While we cannot deny recovery in oil market, the improvement mainly focuses on emerging countries. In most part of OECD countries, demand has been stagnant. In other parts, especially in European, the situation is even worse. IEA forecasts oil demand growth in OECD Europe will drop -0.7% this year, making it the 4th annual consecutive drop. The decline is dramatic as it follows a -5.6% fall in 2009.
Demand growth in Europe is subject to downward revision given the airspace closure due to volcanic eruption in Iceland this month. According Deutsche Bank's estimates, the 7-day air traffic disruption has reduced global jet fuel demand by around -1M bpd, of which Europe accounts for 70-75%.
In the US, crude oil inventory rose +1.96 mmb (consensus: +1.4 mmb) to 357.8 mmb in the week ended April 23. Gasoline inventory level drew -1.24 mmb, compared with market expectations of a gain of +0.5 mmb as the -2.03% drop in production was only partly offset by +30.3% increase in imports. Demand rose +1.51% to 9.29M bpd. Distillate stockpile, however, rose +2.94 mmb to 151.8 mmb despite +3.69% increase in demand. Both imports and production soared, by +138% and +2.61% respectively.
The pronounced contango situation in WTI crude oil futures driven by huge stockpiles at Cushing Oklahoma has improved this week. This was probably driven by slowdown in stock-builds at the region. Cushing stockpile will continue to drop in coming weeks as refinery activities return from maintenance.

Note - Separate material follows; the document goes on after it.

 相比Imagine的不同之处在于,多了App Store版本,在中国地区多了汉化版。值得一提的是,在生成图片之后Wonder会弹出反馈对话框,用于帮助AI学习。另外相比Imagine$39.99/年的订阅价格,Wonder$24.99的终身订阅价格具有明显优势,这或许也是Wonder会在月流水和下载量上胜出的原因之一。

To us, actual demand and inventory levels are much weaker than what has been suggested by oil prices. The market is expecting to see more evidence showing the OECD market is improving or a quite severe selloff will be seen after strong rallies in the second quarter.
A completely different story is seen in natural gas as investors seem to have lost hopes that demand growth can offset huge production growth.

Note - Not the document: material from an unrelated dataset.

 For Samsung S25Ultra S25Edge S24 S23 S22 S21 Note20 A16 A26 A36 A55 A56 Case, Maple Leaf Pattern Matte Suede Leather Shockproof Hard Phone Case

Gas price slumped Thursday after the US Energy Department reported that storage rose 87 bcf in the week ended April 23. At 1912 bcf, gas inventory exceeded 5-year average by 18.8%, compared with 18.5% in the prior week.

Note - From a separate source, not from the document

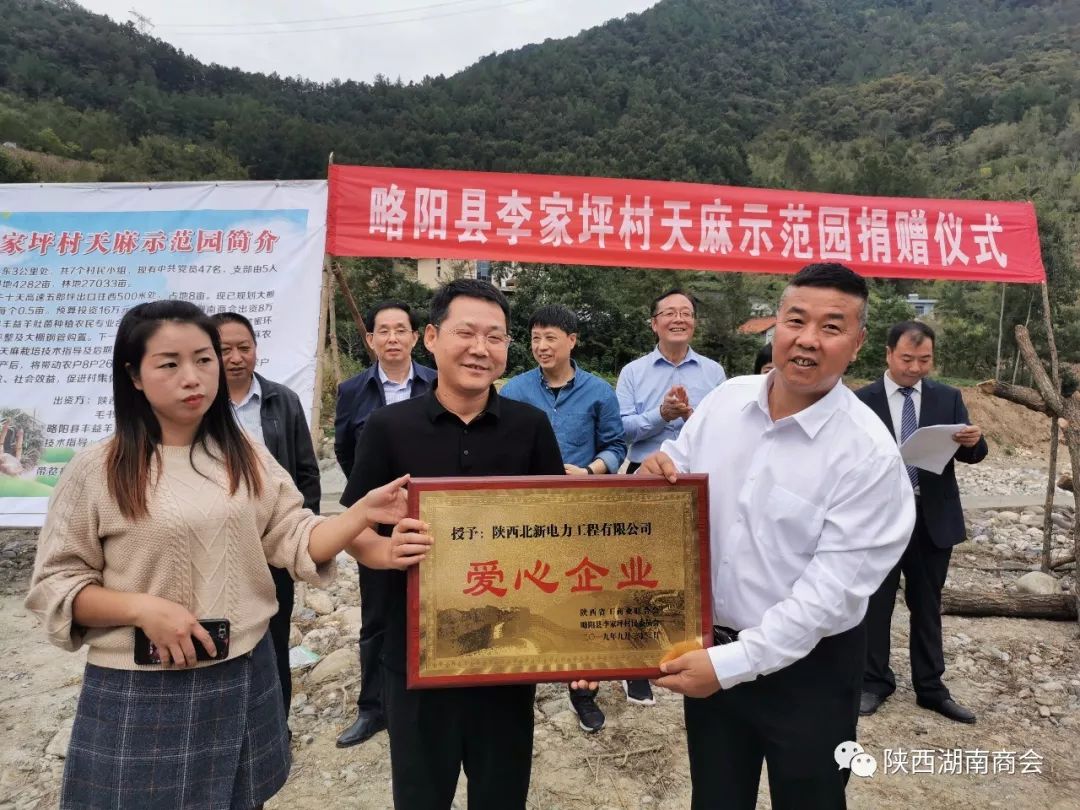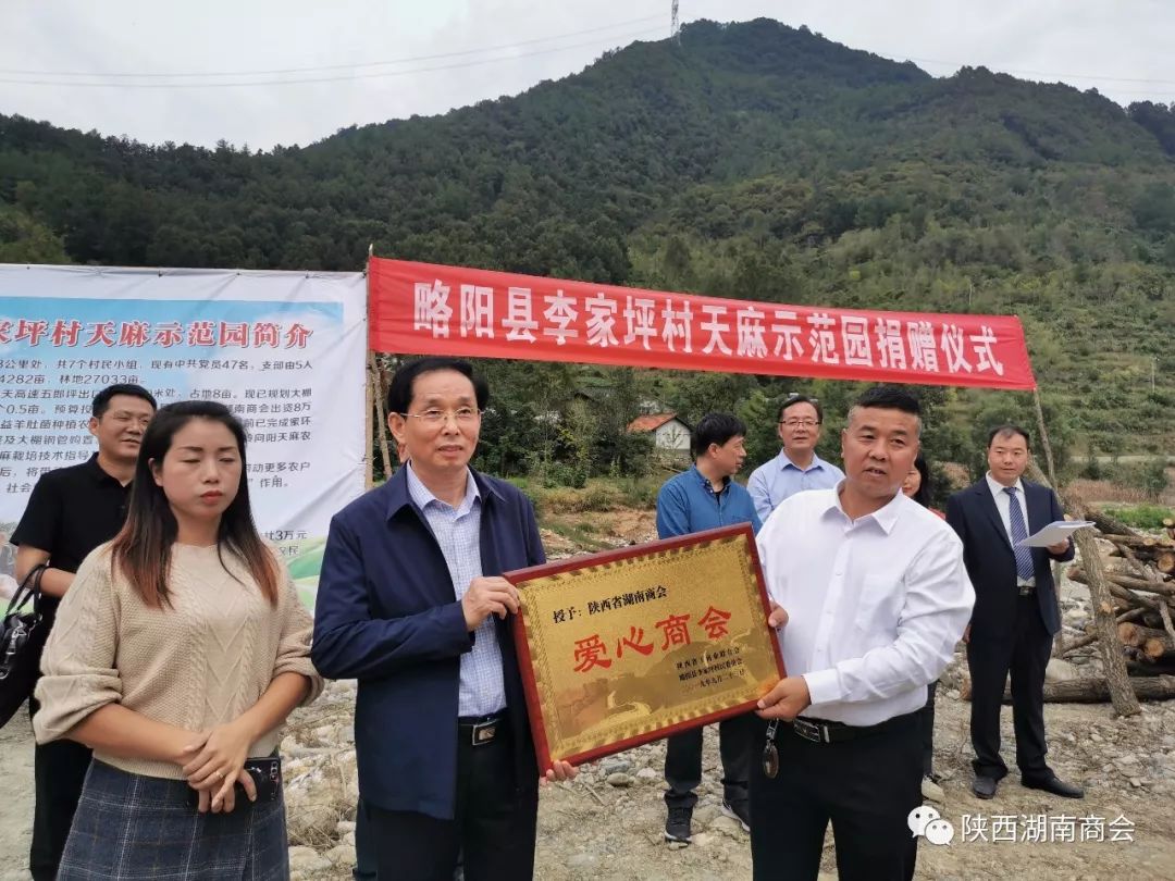 捐赠仪式上商会为天麻示范园捐赠了8万元。省工商联、李家坪村委会共同为陕西省湖南商会、商会企业代表分别颁发了“爱心商会”“爱心企业”荣誉牌。

Another disappointment came from the US Energy Department's monthly production report. While production estimates for both January 2009 and January 2010 were revised down, by -0.2 bcf/day and -0.6 bcf/day respectively, the downward revisions were too mild despite use of more recent information and company samples. The result suggested increases in shale gas output were real. Added to the worries was that gas output in February rose +1.6% to 63.85 bcf from a revised 62.85 bcf in January.
The number of gas rigs rose +2 units to 958 units in the week ended April 30, after dropping -17 units in the prior week.
Gold climbed higher on Friday despite apparent ease in worries over Greece's debt problem. The benchmark contract soared to as high as 1182.5, the highest level since December 2009, before closing at 1180.7, signaling a number of investors remained unsettled about sovereign crisis which might erode the value of currencies.
Historically, decline in risk appetite has driven capitals into USD and JPY. Gold, categorized as a commodity, normally plunges with others in the sector as investors seek safe haven. However, European sovereign event risk has also boosted investment demand in gold. SPDR Gold Trust, the world's biggest gold ETF, recorded a +1.6% increase in holdings last week to a record high of 37.3M oz.
We remain bullish in gold's outlook in the long-term and expect further upward pressure on gold prices should worries about sovereign crisis in Greece and peripheral European economies escalate.
Although PGMs apparently underperformed last week with platinum gaining only +0.2% while palladium losing -1.32, both metals recorded prominent gains in April. During the month, platinum surged +5.96% while palladium jumped +15.8%, the strongest rally since February 2008.